Após uma longa ausência, que entre outras coisas marcou uma nova etapa na vida profissional, e também um caso sério de preguicite aguda, irei aos poucos tentar reavivar o CinePt, sem fazer para já grandes promessas, mas para os leitores que ainda visitem este espaço à procura de novidades, tentarei pelo menos ir dando sinais de vida.


Entretanto, desde a última actualização, já saiu um novo número da Take (correspondente aos meses de Agosto e Setembro), onde o destaque foi para Johnny Depp e para o excelente Public Enemies, de Michael Mann, e eu comecei a escrever para a revista Tribuna Douro, onde tenho uma página mensal dedicada ao cinema.

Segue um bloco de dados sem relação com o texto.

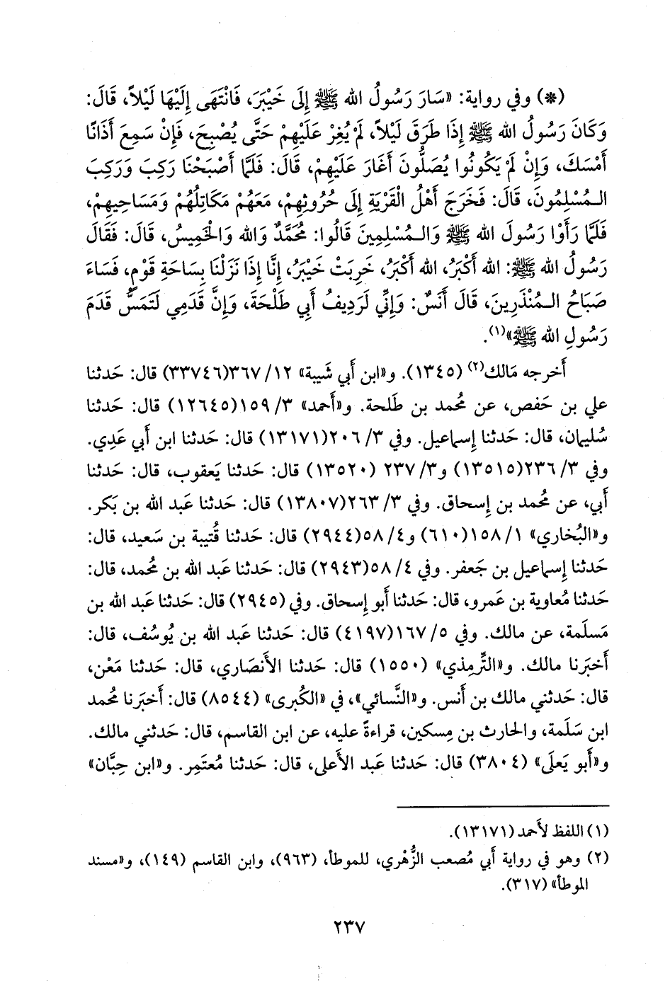 وفي ٣/ ٢٠٦ (١٣١٧١) قال: حدثنا ابن أَبي عَدي. وفي ٣/ ٢٣٦ (١٣٥١٥) و ٣/ ٢٣٧ (١٣٥٢٠) قال: حدثنا يعقوب، قال: حدثنا أبي، عن محمد بن إسحاق. وفي ٣/ ٢٦٣ (١٣٨٠٧) قال: حدثنا عبد الله بن بكر. و «البخاري» ١/ ١٢٥ (٦١٠) و ٤/ ٤٨ (٢٩٤٤) قال: حدثنا قتيبة بن سعيد، قال: حدثنا إسماعيل بن جعفر. وفي ٤/ ٤٧ (٢٩٤٣) قال: حدثنا عبد الله بن محمد، قال: حدثنا معاوية بن عَمرو، قال: حدثنا أَبو إسحاق. وفي (٢٩٤٥) قال: حدثنا عبد الله بن مَسلَمة، عن مالك. وفي ٥/ ١٣١ (٤١٩٧) قال: حدثنا عبد الله بن يوسف، قال: أخبرنا مالك. و «التِّرمِذي» (١٥٥٠) قال: حدثنا الأَنصاري، قال: حدثنا مَعْن، قال: حدثني مالك بن أنس. و «النَّسَائي» في «الكبرى» (٨٥٤٤) قال: أخبرنا محمد بن سلمة، والحارث بن مسكين، قراءة عليه، عن ابن القاسم، قال: حدثني مالك. و «أَبو يَعلى» (٣٨٠٤) قال: حدثنا عبد الأعلى، قال: حدثنا معتمر. و «ابن حِبَّان»

Para os interessados, eis o site onde poderão encontrar informações sobre a publicação, embora este não se encontre particularmente actualizado.

Ah, e já viram o novo Tarantino? Então estão à espera de quê?!

João Paulo Costa

Terça-feira, Julho 21, 2009

Take - Cinema Magazine

Com Quentin Tarantino na capa e um especial dedicado a uma das mais esperadas estreias deste Verão por estas bandas (Inglourious Basterds, pois claro!), o número 17 da Take continua a crescer em ambição, em conteúdos e em qualidade. Além das habituais rubricas, há ainda entrevistas com a malta do divertido The Hangover e, mais do que isso, com o excelente James Gray a propósito do seu mais recente, e belíssimo filme, Two Lovers. Já sabem, tudo isto e muito mais à distância de um simples click.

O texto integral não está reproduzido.